DATA EXCERPT »
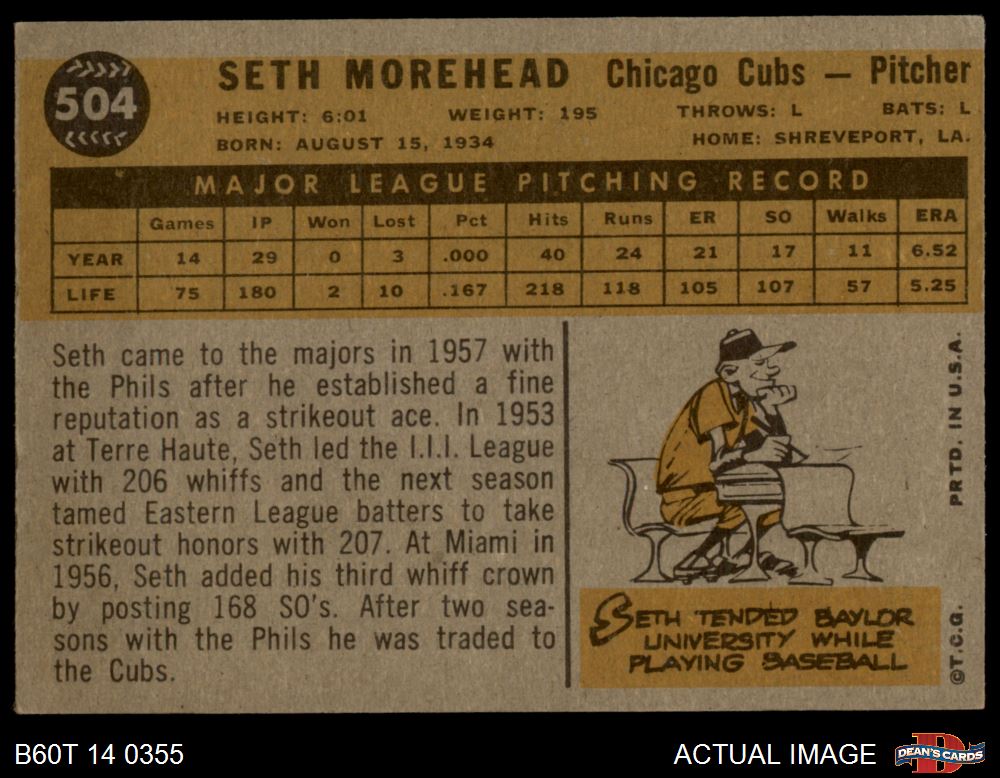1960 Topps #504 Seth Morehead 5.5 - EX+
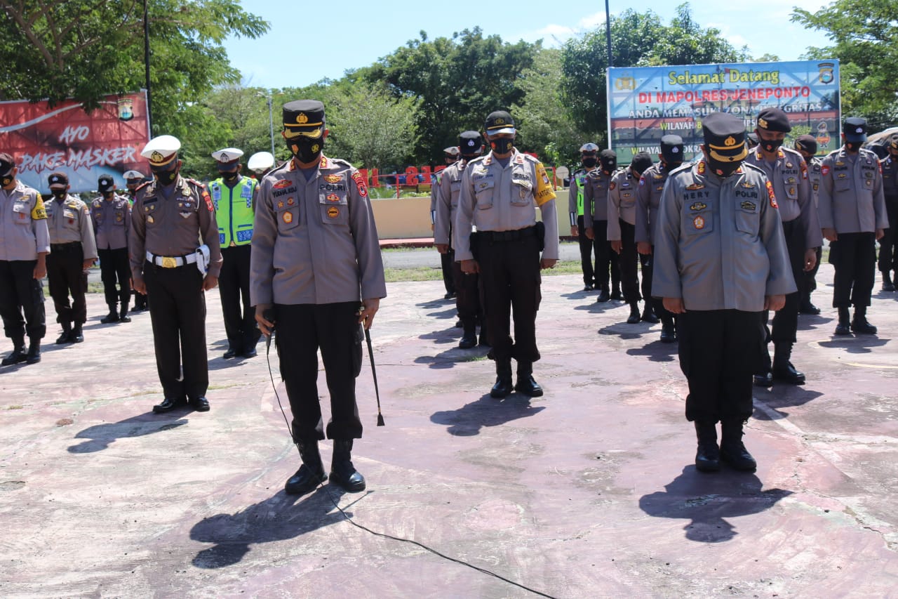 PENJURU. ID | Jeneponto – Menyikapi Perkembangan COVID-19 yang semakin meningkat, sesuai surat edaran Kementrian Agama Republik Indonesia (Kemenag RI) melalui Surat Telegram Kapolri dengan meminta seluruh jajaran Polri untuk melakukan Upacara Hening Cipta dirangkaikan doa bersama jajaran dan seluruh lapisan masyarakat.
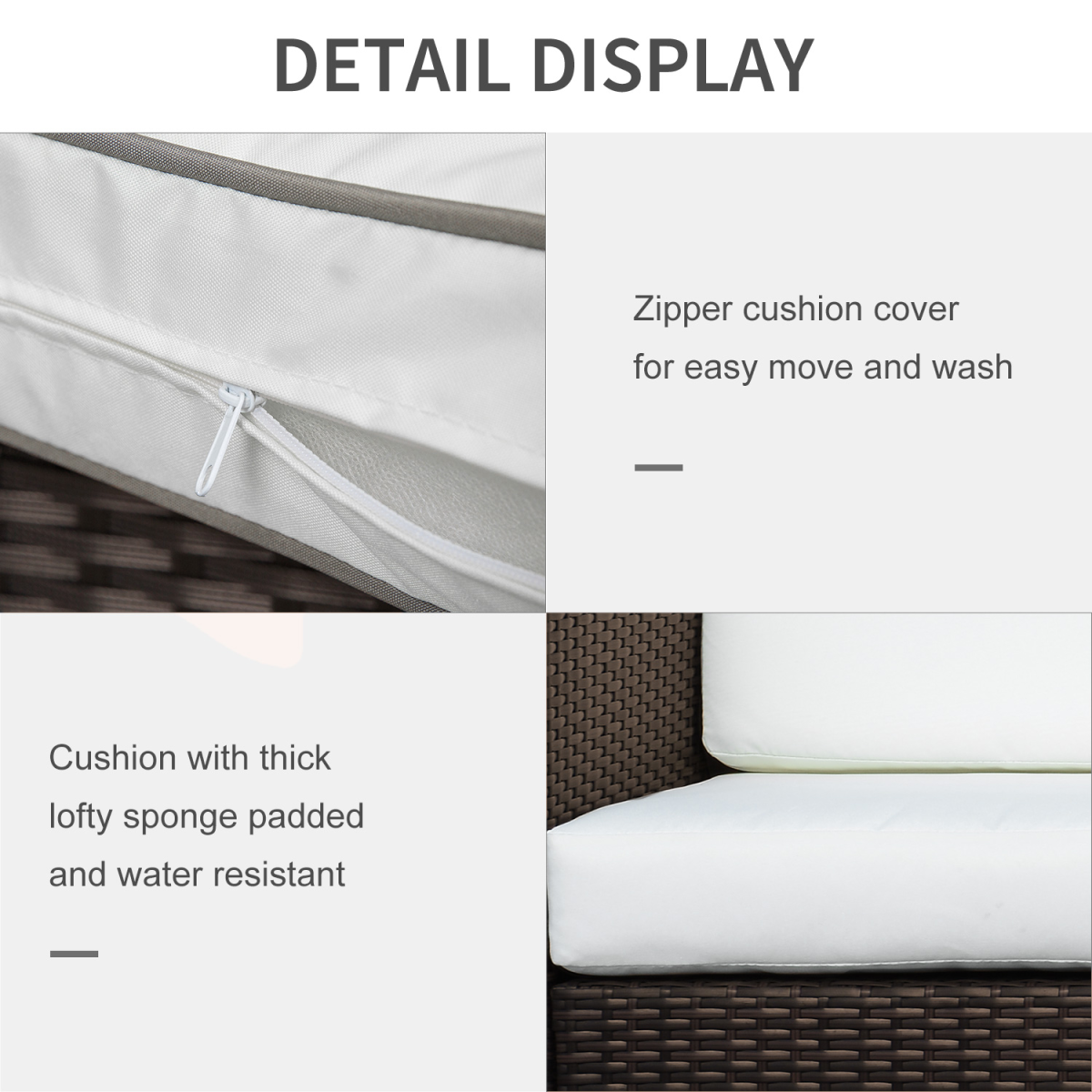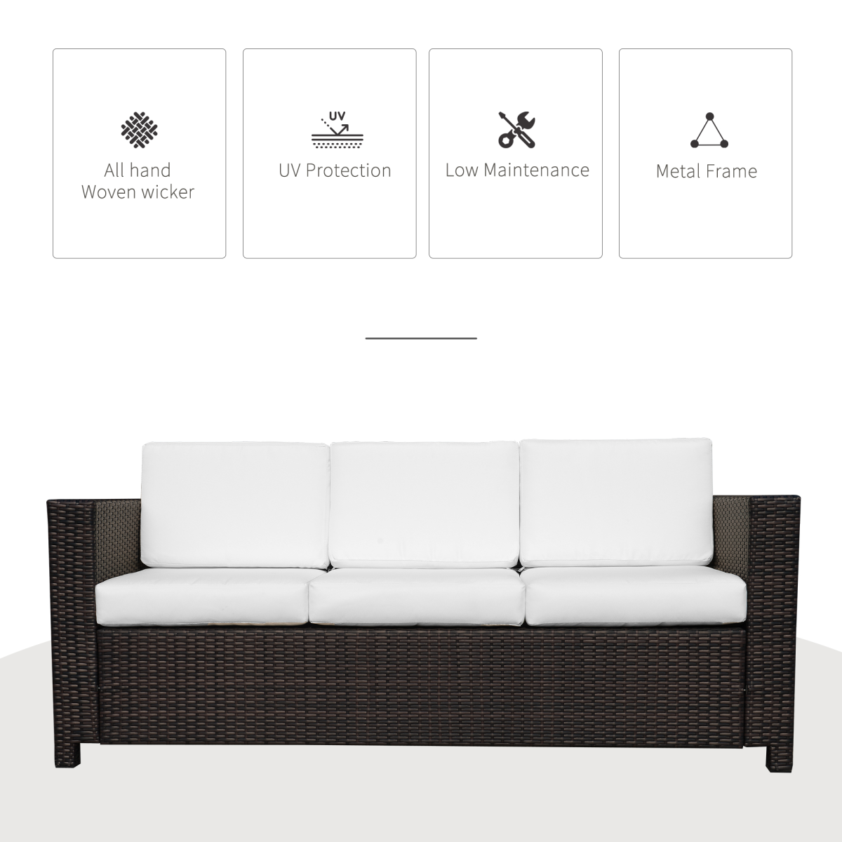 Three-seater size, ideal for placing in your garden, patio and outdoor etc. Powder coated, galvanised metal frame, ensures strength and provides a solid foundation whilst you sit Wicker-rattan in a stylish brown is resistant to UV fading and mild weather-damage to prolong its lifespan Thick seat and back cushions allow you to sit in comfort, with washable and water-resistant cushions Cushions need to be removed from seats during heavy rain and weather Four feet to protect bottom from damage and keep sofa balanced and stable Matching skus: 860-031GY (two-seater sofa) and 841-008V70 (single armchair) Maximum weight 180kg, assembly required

EXERCISE DETAILS »
Starting at the first line of the material above and ending with the line that contains "PENJURU. ID |", reproduce every line exactly, and leave out the pictures.

ANSWER AREA »
1960 Topps #504 Seth Morehead 5.5 - EX+
 PENJURU. ID | Jeneponto – Menyikapi Perkembangan COVID-19 yang semakin meningkat, sesuai surat edaran Kementrian Agama Republik Indonesia (Kemenag RI) melalui Surat Telegram Kapolri dengan meminta seluruh jajaran Polri untuk melakukan Upacara Hening Cipta dirangkaikan doa bersama jajaran dan seluruh lapisan masyarakat.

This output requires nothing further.